Monday, July 20, 2009

Gender-Based Persecution And Asylum



A piece in the Washington Post discusses the problem of women who seek asylum in the United States on the basis gender-based persecution in their home countries:

Rody Alvarado Peña, a victim of brutal domestic violence in her native Guatemala, sought refuge in the United States in 1995. An immigration court judge granted her asylum the next year, but almost 14 years later Rody remains in limbo. She is working in a convent in California and hoping that the Obama administration will finally resolve her case and take steps to protect women who flee their countries to escape certain death from gender-based violence.

The administration recently sent a positive signal about these types of cases, but it needs to do much more. The plight of Alvarado Peña -- an indisputably peaceful woman at risk for deportation -- underscores both the dysfunction in our immigration system and the fact that our nation's promise of mercy and refuge is still applied erratically, even capriciously.

Nobody disputes the facts of this case. At age 16, Alvarado Peña married a career soldier. He raped and beat her with abandon, breaking mirrors over her head, causing a miscarriage by kicking her until she hemorrhaged and viciously beating her until she lost consciousness. With divorce impossible without her husband's consent, and no shelters or supports available, Alvarado Peña fled to the United States.

Initially, she was granted asylum, but because a dispute continues over whether gender-based persecution is a basis for asylum, the Immigration and Naturalization Service appealed the case. A few years later, the Board of Immigration Appeals, the nation's highest immigration court, denied her asylum. The judges did not dispute what had happened to Alvarado Peña, and they recognized her husband's violence as "deplorable." Still, they found no basis in law to grant Alvarado Peña asylum.
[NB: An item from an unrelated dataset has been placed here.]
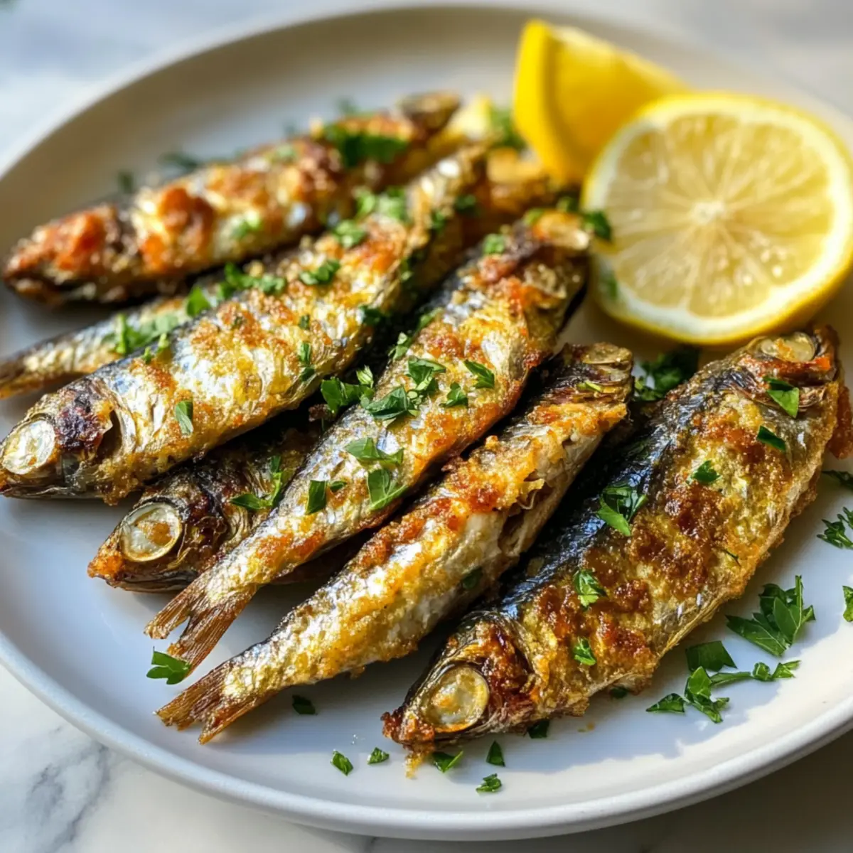 Plate your golden, crispy pan-fried sardines, garnishing with a sprinkle of chopped parsley for a burst of freshness. Serve them alongside lemon wedges to squeeze over the fish, enhancing their flavors. Enjoy this delightful dish warm, either as a great tapas option or a satisfying seafood meal!

Read the whole article as they say. I'm skating on thin ice here (due to not knowing the field very well), but it's my impression that the problem is how persecution is defined. If it is by the government of a country then the law grants a reason for granting asylum. If it is something the home country of the woman just condones or tolerates in general (say, by having laws against wife-beating on the books but not enforcing them) then there is no basis for political asylum.

I may be wrong about this and welcome more information. And discussion, of course.